No decrease in the number of Directors constituting the Board will shorten the term of an incumbent
Director.
12. Removal. Subject to the rights, if any, of the holders of any series of Preferred Stock
to elect additional Directors under circumstances specified in a Preferred Stock Designation, any
Director may be removed from office by the stockholders only for cause and only in the manner
provided in the Certificate of Incorporation and, if applicable, any amendment to this By-Law 12.
13. Nominations of Directors; Election. (a) Subject to the rights, if any, of the holders of
any series of Preferred Stock to elect additional Directors under circumstances specified in a
Preferred
Stock Designation, only persons who are nominated in accordance with the following procedures will
be eligible for election at a meeting of stockholders as Directors of the Company.
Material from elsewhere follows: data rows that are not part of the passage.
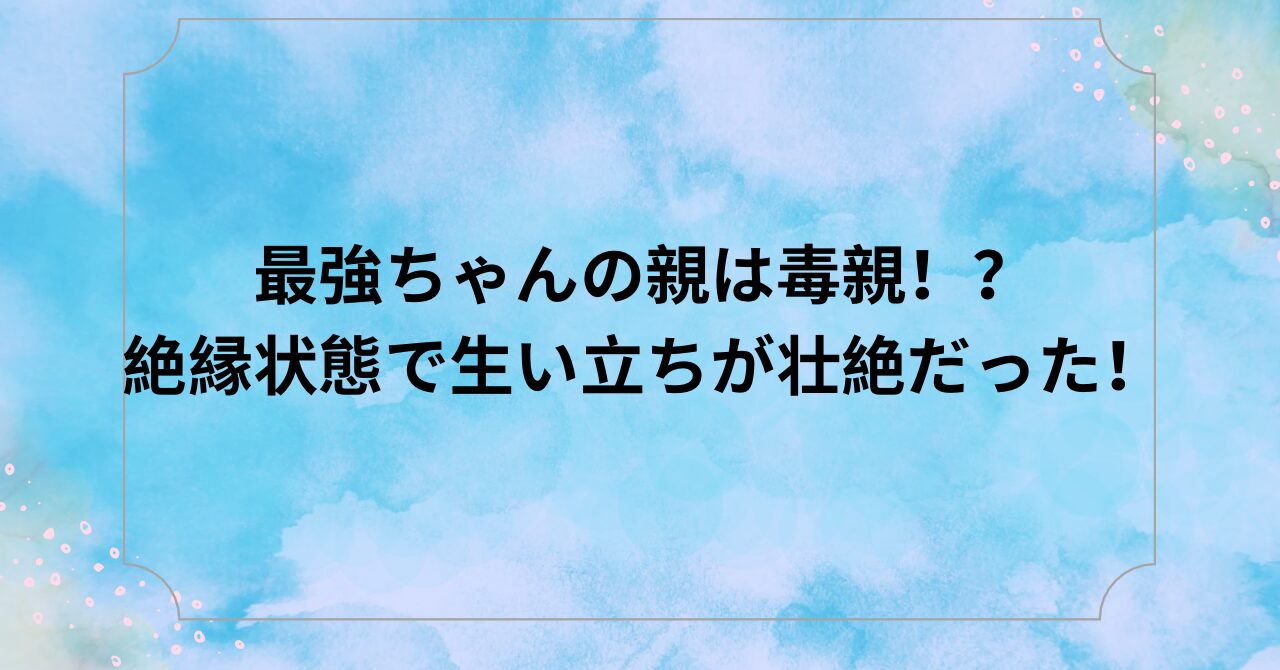 今回は、最強ちゃんの親は毒親!?絶縁状態で生い立ちが壮絶だった!についてまとめました。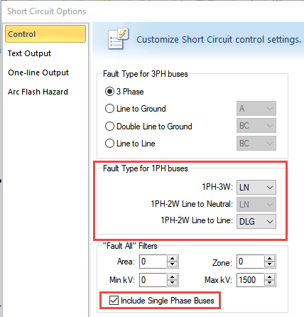 As opções de tipo de falha no menu Curto-circuito são apenas para barras trifásicas. Para tipos de falha de barra monofásica, o programa segue as opções em Opções de curto-circuito na guia Controle, conforme descrito em Suportabilidade de equipamentos para dispositivos monofásicos.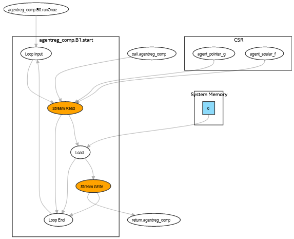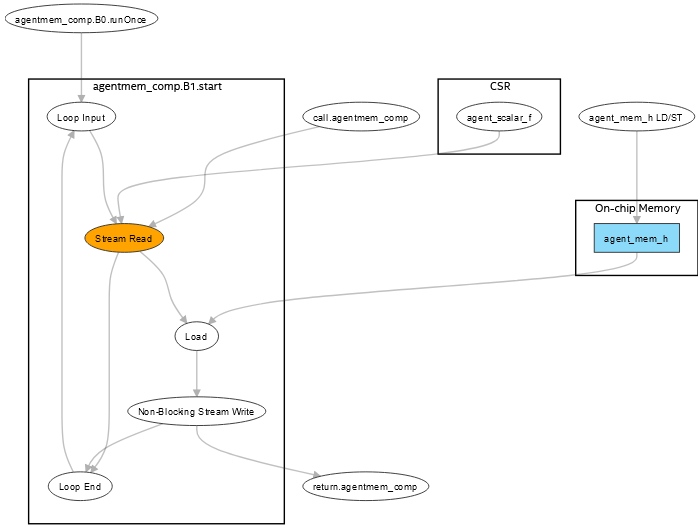 When you declare a pointer argument as a agent memory, the Function View of the System Viewer shows the agent memory interface with a <agent memory name> LD/ST node that is connected to the Local Memory node in the component.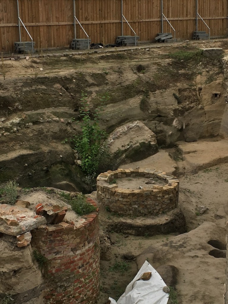 In unmittelbarer Nachbarschaft zum Graben, allerdings zeitgeschichtlich einige Jahrhunderte entfernt, befindet sich der Überrest eines rot gepflasterten Kellers aus der ersten Hälfte des 19. Jahrhunderts. Hieran schließen Sickerschächte aus der zweiten Hälfte des 19. Jahrhunderts an, ein Kamin, dessen Innenwände noch schwarz gefärbt sind, sowie zwei Brunnen aus dem 18. und dem 19. Jahrhundert. Die Befunde lassen vermuten, dass sich an dieser Stelle ein Hinterhof befand, erklärt Malliaris.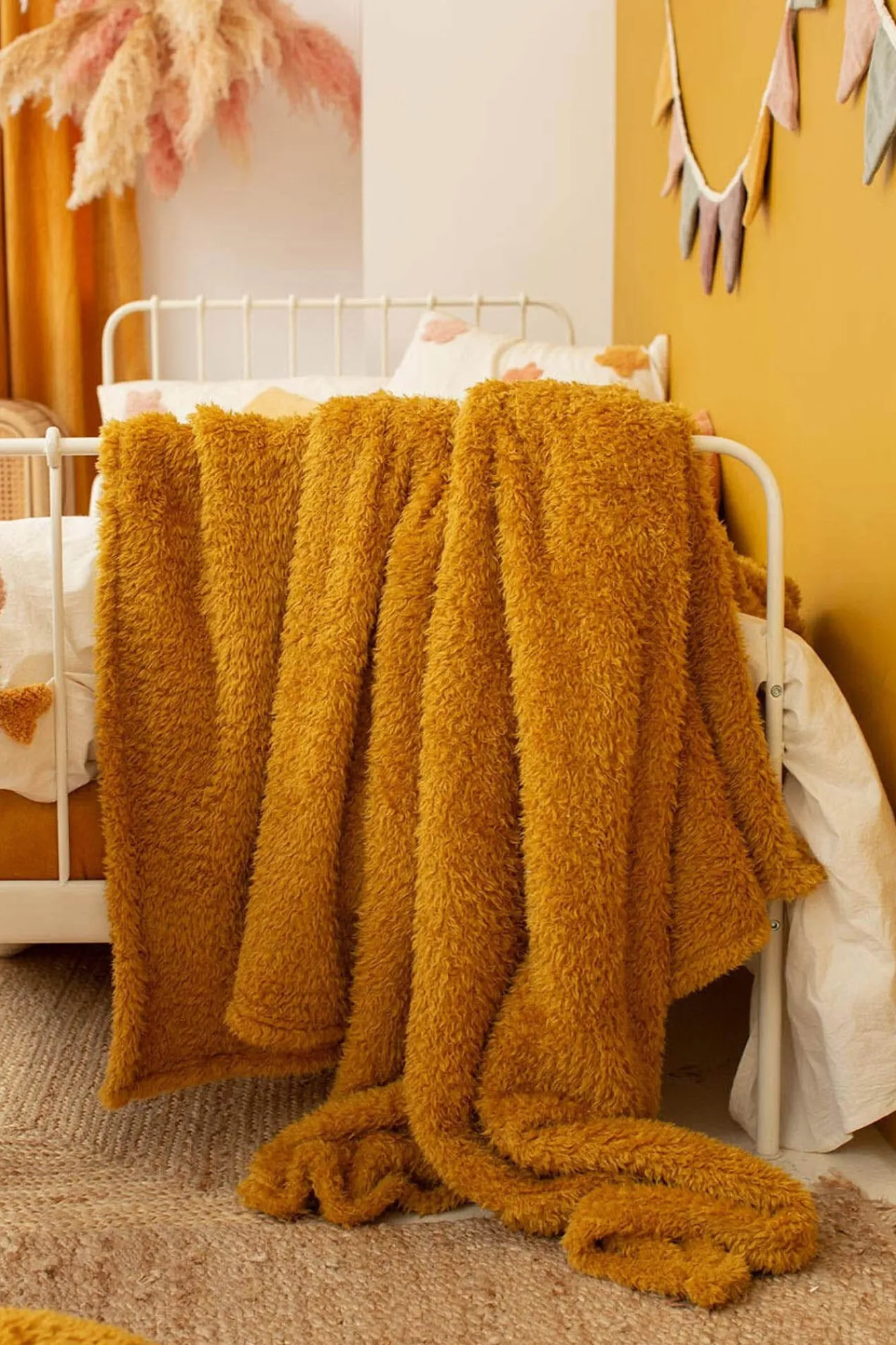 -Añade calidez y estilo a tu hogar con el plaid mostaza Tedy.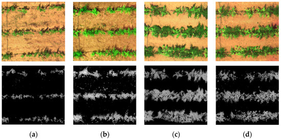(a) Effects of eliminating soil background at new shoot growth stage (8 May 2021); (b) effects of eliminating soil background at flowering stage (31 May 2021); (c) effects of eliminating soil background at fruit expansion stage (22 June 2021); (d) effects of eliminating soil background at veraison and maturity stage (23 July 2021).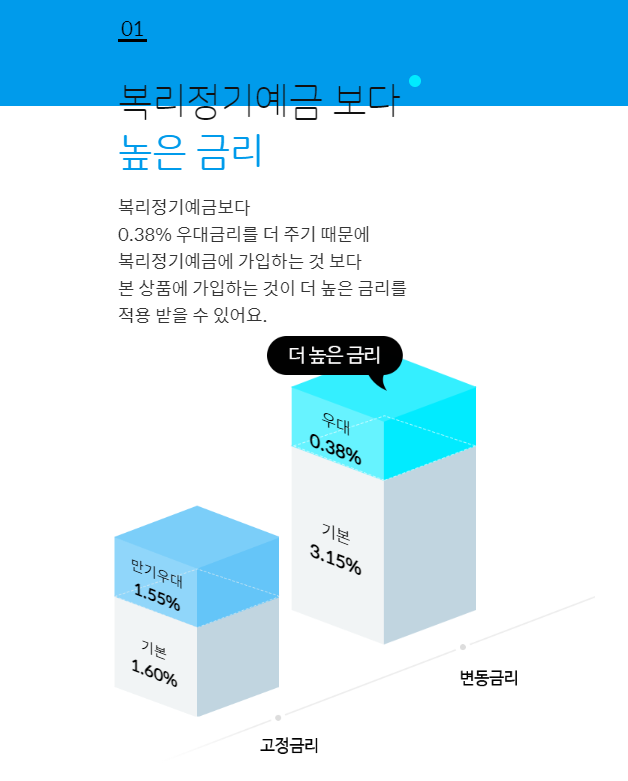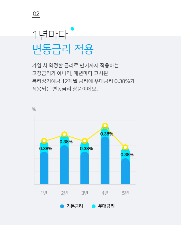 변동금리이기 때문에 기준금리가 더 올라간다면 이자 혜택을 추가로 얻을 수 있다는 점이 있습니다.

(b) Nominations of persons for election as Directors of the Company may be made only at an
annual meeting of stockholders (i) by or at the direction of the Board or (ii) by any stockholder
who is a stockholder of record at the time of giving of notice provided for in this By-Law 13, who
is entitled to vote for the election of Directors at such meeting, and who complies with the
procedures set forth in this By-Law 13. All nominations by stockholders must be made pursuant to
timely notice in proper written form to the Secretary.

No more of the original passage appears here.